**Records to use**
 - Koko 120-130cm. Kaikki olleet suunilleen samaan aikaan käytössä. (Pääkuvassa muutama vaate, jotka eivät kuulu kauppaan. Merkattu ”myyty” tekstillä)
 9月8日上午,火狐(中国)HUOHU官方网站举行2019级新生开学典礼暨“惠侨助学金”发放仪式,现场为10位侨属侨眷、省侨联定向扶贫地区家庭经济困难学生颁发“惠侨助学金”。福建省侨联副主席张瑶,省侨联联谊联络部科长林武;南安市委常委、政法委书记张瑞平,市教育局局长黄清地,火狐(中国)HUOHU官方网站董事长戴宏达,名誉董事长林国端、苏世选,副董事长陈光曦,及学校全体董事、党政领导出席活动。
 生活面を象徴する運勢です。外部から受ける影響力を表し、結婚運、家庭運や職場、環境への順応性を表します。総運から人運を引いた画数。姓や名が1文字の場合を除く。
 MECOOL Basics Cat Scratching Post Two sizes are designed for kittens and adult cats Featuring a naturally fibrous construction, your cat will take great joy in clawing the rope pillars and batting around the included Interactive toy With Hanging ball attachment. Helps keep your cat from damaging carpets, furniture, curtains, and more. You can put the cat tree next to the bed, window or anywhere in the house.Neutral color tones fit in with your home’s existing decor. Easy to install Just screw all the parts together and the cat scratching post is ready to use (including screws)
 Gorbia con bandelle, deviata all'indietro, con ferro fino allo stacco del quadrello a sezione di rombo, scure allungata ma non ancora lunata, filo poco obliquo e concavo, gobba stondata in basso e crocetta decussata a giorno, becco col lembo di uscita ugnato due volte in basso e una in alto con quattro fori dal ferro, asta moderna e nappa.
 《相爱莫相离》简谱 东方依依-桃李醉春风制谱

--

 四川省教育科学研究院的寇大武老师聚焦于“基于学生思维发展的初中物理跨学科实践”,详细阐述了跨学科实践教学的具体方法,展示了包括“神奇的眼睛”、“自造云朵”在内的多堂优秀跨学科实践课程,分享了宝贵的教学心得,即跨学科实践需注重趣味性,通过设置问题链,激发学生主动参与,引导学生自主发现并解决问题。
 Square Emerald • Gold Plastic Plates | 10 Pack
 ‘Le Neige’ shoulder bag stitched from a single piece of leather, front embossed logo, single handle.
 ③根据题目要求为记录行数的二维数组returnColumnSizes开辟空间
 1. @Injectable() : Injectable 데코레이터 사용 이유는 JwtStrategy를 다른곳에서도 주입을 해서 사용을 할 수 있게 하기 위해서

---

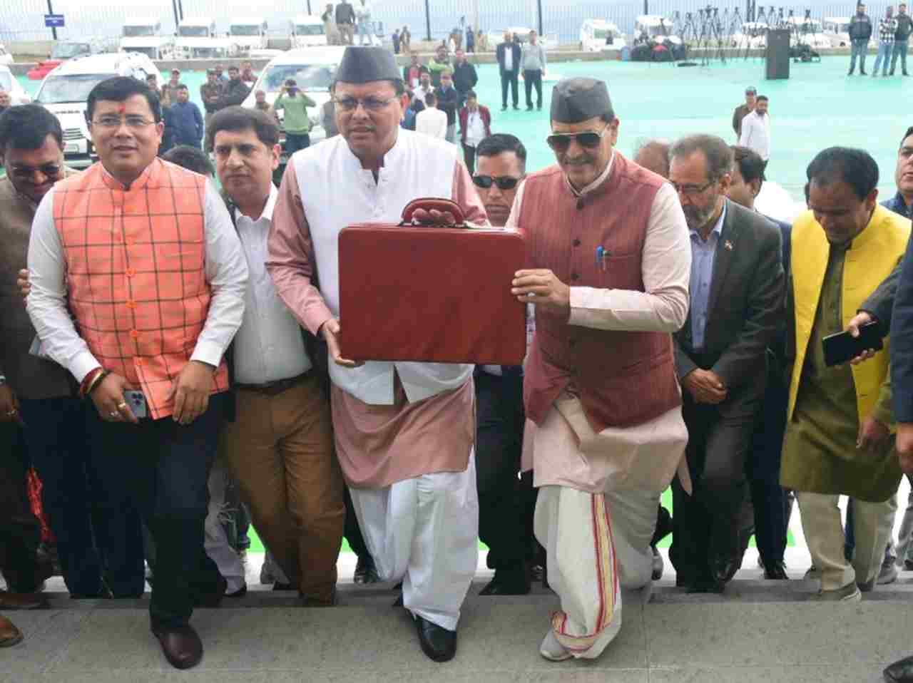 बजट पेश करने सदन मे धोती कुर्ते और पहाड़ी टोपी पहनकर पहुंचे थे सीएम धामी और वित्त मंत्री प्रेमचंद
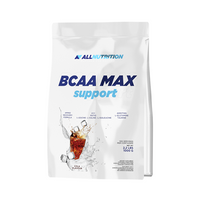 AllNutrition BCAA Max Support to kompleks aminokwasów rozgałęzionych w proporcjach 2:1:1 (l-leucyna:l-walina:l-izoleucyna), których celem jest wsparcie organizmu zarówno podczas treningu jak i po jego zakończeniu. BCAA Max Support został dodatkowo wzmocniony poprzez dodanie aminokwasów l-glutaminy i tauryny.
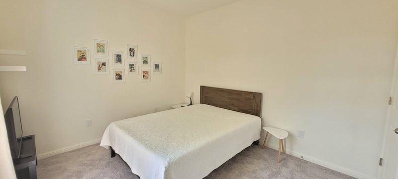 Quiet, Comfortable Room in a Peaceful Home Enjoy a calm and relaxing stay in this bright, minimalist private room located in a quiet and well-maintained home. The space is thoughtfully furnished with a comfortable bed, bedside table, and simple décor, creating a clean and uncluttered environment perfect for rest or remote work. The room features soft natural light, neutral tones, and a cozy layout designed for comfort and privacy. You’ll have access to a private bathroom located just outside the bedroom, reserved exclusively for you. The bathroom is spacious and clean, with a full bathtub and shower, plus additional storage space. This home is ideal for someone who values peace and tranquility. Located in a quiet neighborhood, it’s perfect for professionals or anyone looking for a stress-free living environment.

**Exercise directions**
Every line of the listing above that includes "from" should be copied out.

**Answer section**
 MECOOL Basics Cat Scratching Post Two sizes are designed for kittens and adult cats Featuring a naturally fibrous construction, your cat will take great joy in clawing the rope pillars and batting around the included Interactive toy With Hanging ball attachment. Helps keep your cat from damaging carpets, furniture, curtains, and more. You can put the cat tree next to the bed, window or anywhere in the house.Neutral color tones fit in with your home’s existing decor. Easy to install Just screw all the parts together and the cat scratching post is ready to use (including screws)
 ‘Le Neige’ shoulder bag stitched from a single piece of leather, front embossed logo, single handle.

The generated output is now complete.